How to play Snake
Controls
On desktop, steer with the arrow keys or WASD; press Space to pause and resume mid-round. On a phone or tablet, use the on-screen D-pad below the board or swipe across the canvas in the direction you want to turn. The snake commits the next move only at the start of the following tick, so queueing two quick taps to corner around yourself is allowed and encouraged.
The objective
Eat the pink apple. Every apple you swallow grows your tail by one segment and bumps your score up by one. The round ends the instant the snake's head runs into a wall or any part of its own body.
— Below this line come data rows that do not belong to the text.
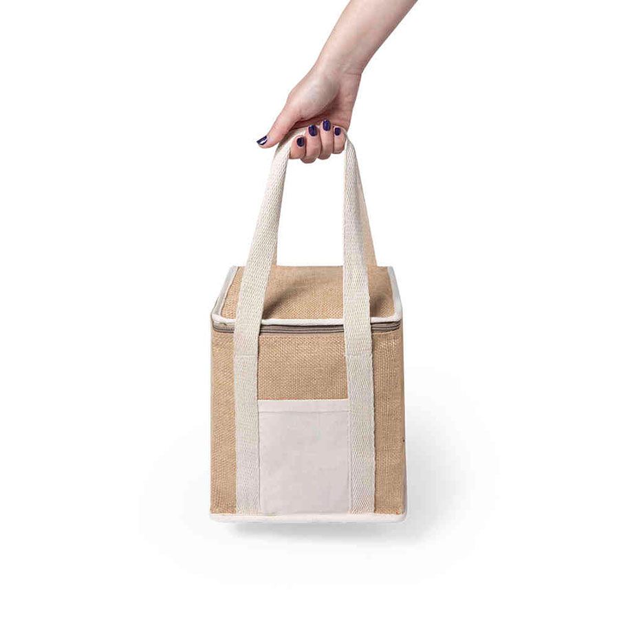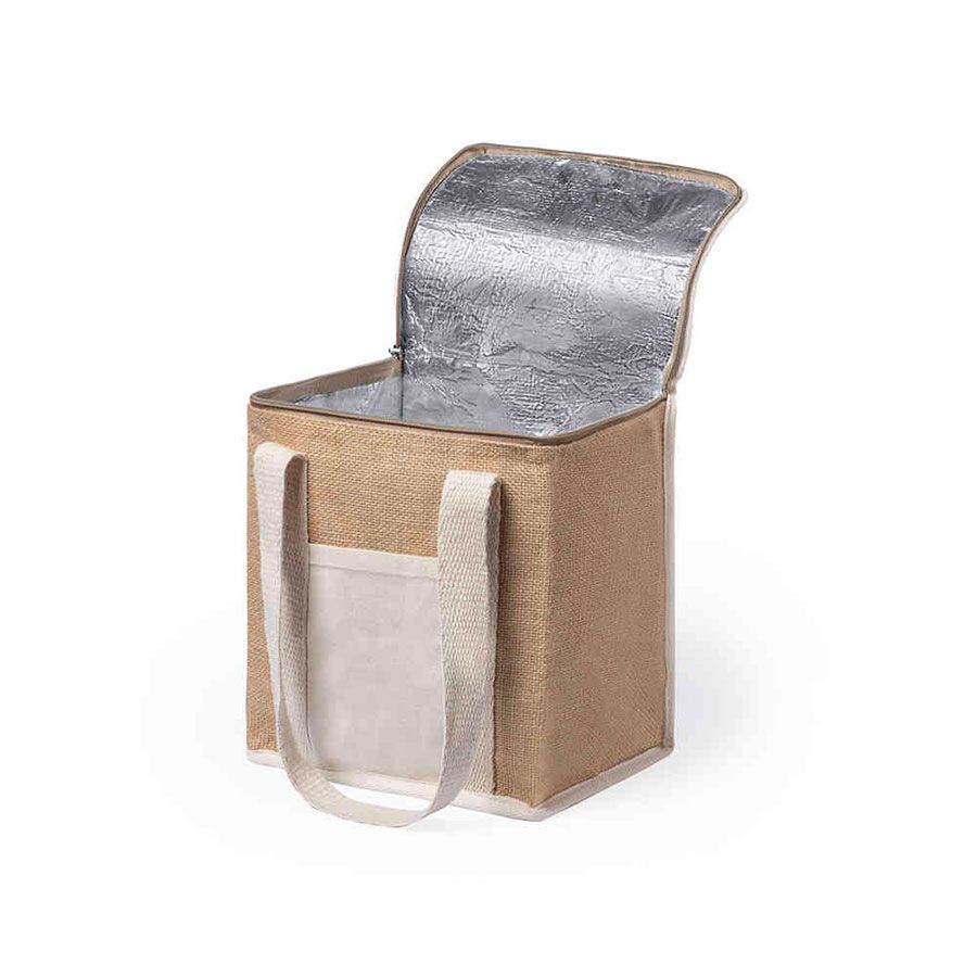 Высокая сумка-холодильник из влагостойкого ламинированного джута,
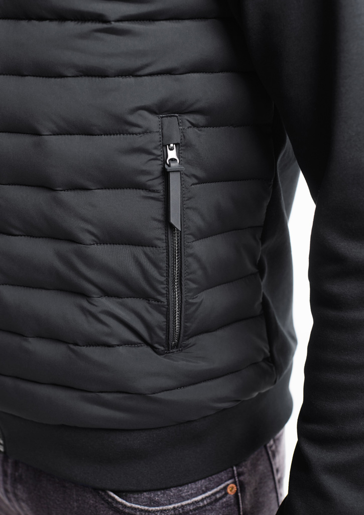 Quilted panel: 89% Polyamide, 11% Elastane, 70 GSM; Knit panel: 51% Cotton, 49% Polyester, 305 GSM; Lining: 100% Polyester, 68 GSM; Polyfil 220 GSM; Rib: 95% Polyester 5% Elastane, 530 GSM
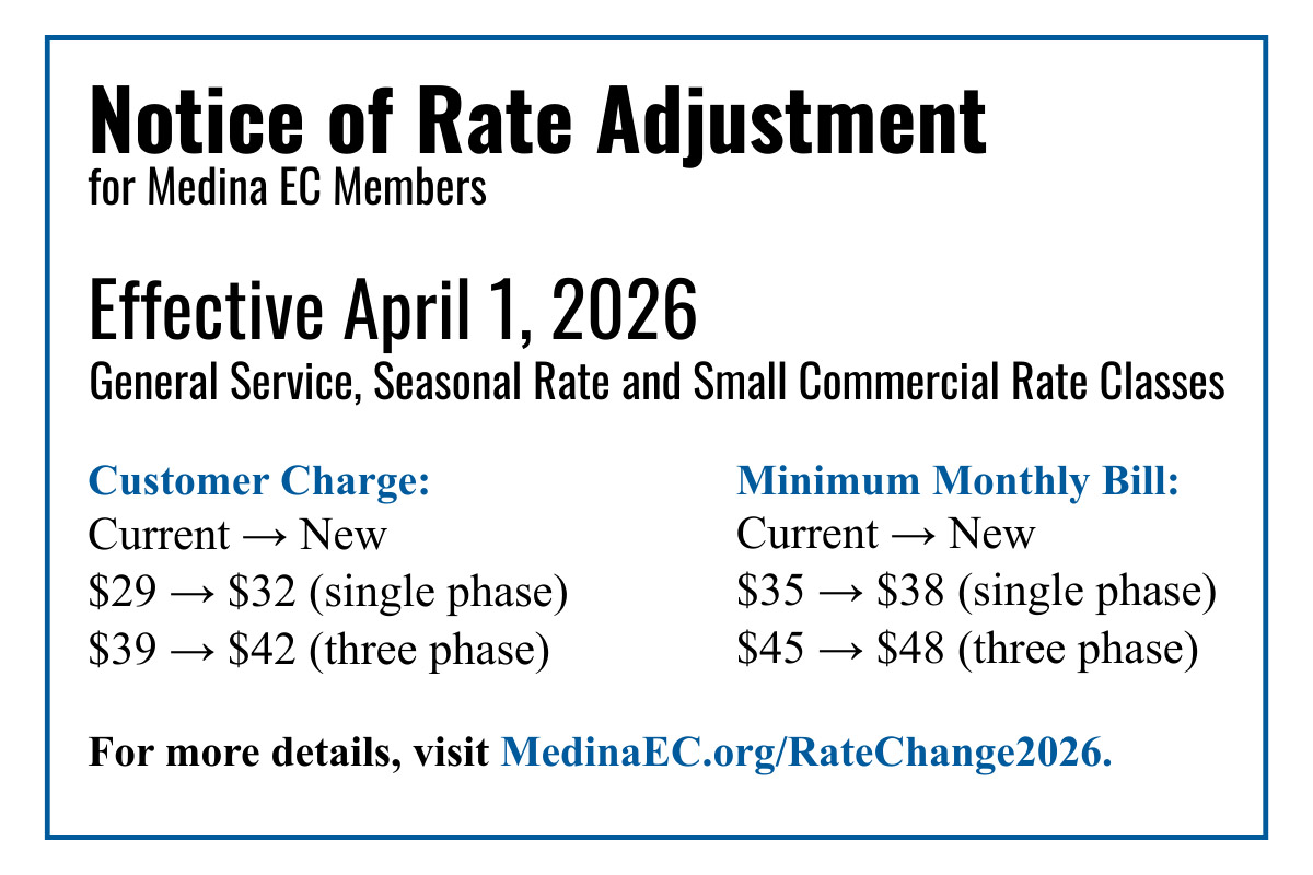 At Medina Electric Cooperative, we know that rate changes impact your household budget, and the board does not make these decisions lightly. As a member-owned, not-for-profit utility, our goal isn’t to make a profit for investors, it’s to provide you with safe, reliable power at the lowest possible cost.
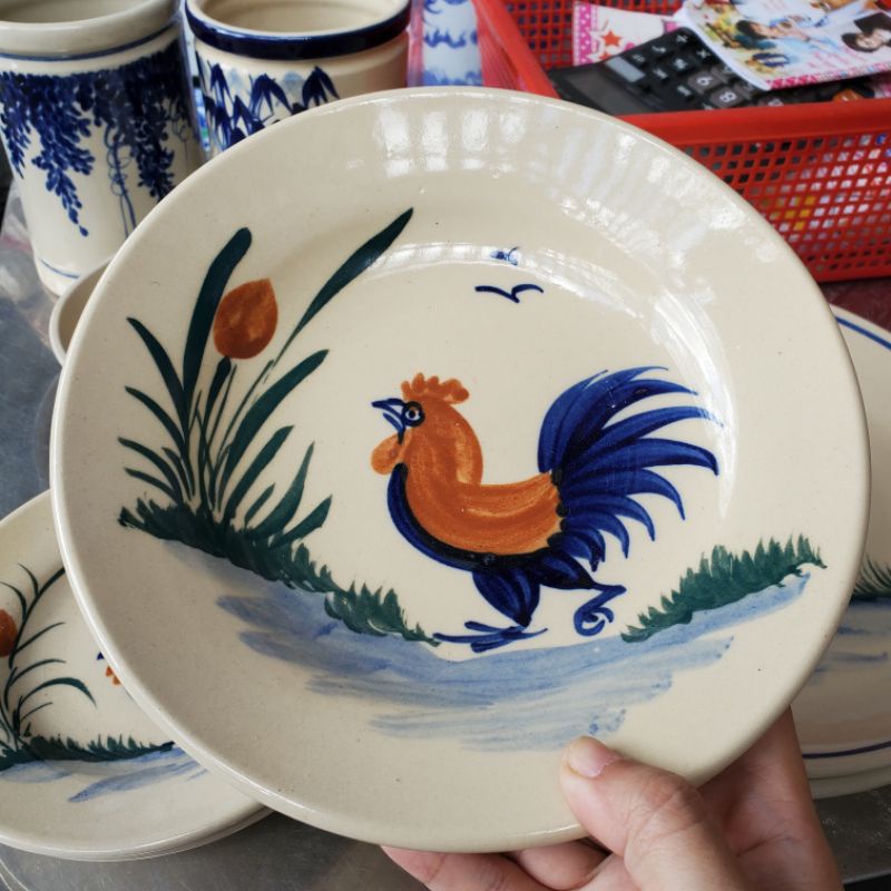 Dĩa đá xưa. Mẫu con gà vẽ tay nguyên con gà trống. Hàng gốm đá xưa cao cấp, láng mịn, chén dày nặng tay.Combo 5 Dĩa siêu xinh chỉ 180k
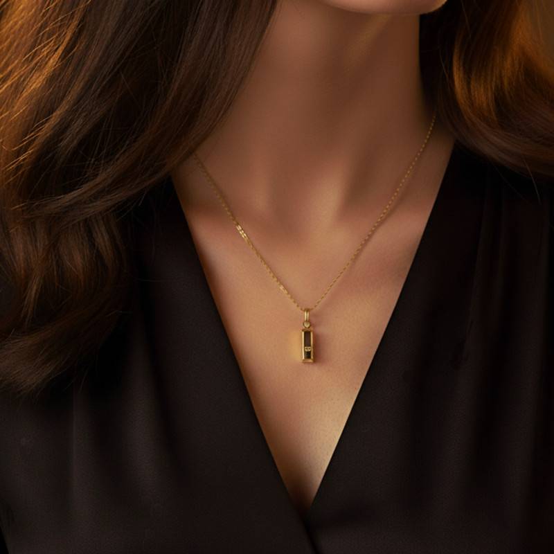 Ce Pendentif Lingot d'Or Jaune 750 est sculpté dans un or jaune 750/1000 (18K) resplendissant et mesurant 15 x 4,50 mm. Chaque détail de ce pendentif symbolise la richesse et l'élégance, un bijou à porter au quotidien. Léger avec un poids de 0,56 g, il s'accordera avec grâce autour de votre cou.
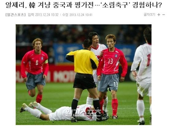 日前,有消息称阿尔及利亚打算邀请中国队热身,为备战2014年,小组赛和韩国队的比赛,韩国媒体拿这一新闻再次对中国足球进行污蔑性报道。
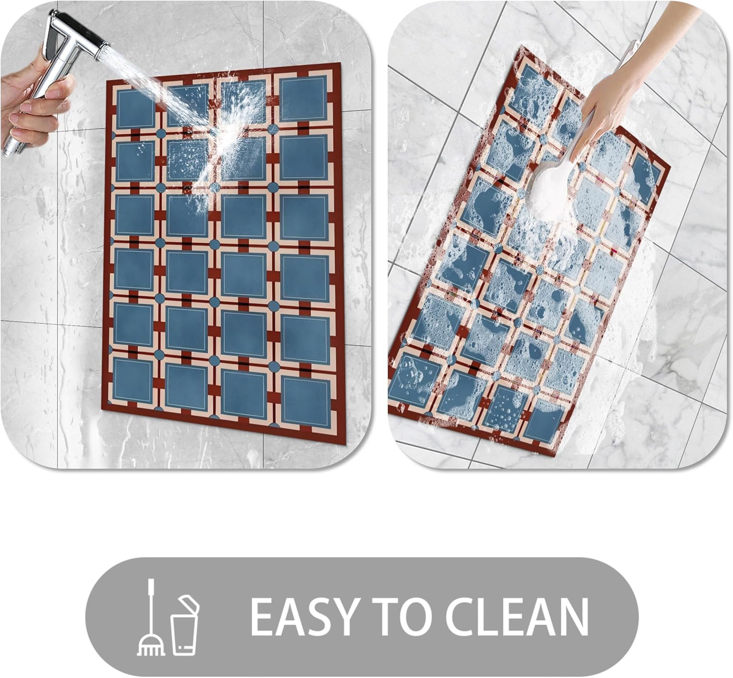- 【Non-Slip & Easy Clean】Natural rubber has higher durability and tear resistance than synthetic materials, with minimal odor. This mat has a slip-resistance coefficient of 0.54 (far exceeding the standard value of 0.27), providing reliable safety on wet floors. The soft yet durable surface is easy to care for—brush, rinse, vacuum clean

There's no timer and no level — just see how long a tail you can build before you box yourself into a corner.
Tips
- Hug the perimeter for the first 20 or so apples — it's the easiest way to build a long body without crossing your own path.
- Pause before tight corners. Tapping Space gives you a breath to plan the next two or three moves instead of one.
- Don't reverse. The game ignores a 180° direction change, but trying it still wastes a tick — pre-plan U-turns.
A little history
Snake's lineage goes back to the 1976 arcade game Blockade, but most people first met it on the Nokia 6110 in 1997, where it shipped pre-installed and quickly became one of the most-played games in history purely by accident of distribution. Our version is a faithful single-player descendant — same grid, same rule, same gentle frustration.
Accessibility
The status banner uses an ARIA live region, so screen readers announce game-over and pause. Direction buttons are 44 px tall to meet typical touch targets, and the canvas works without color cues (snake-head and apple are also differently shaped).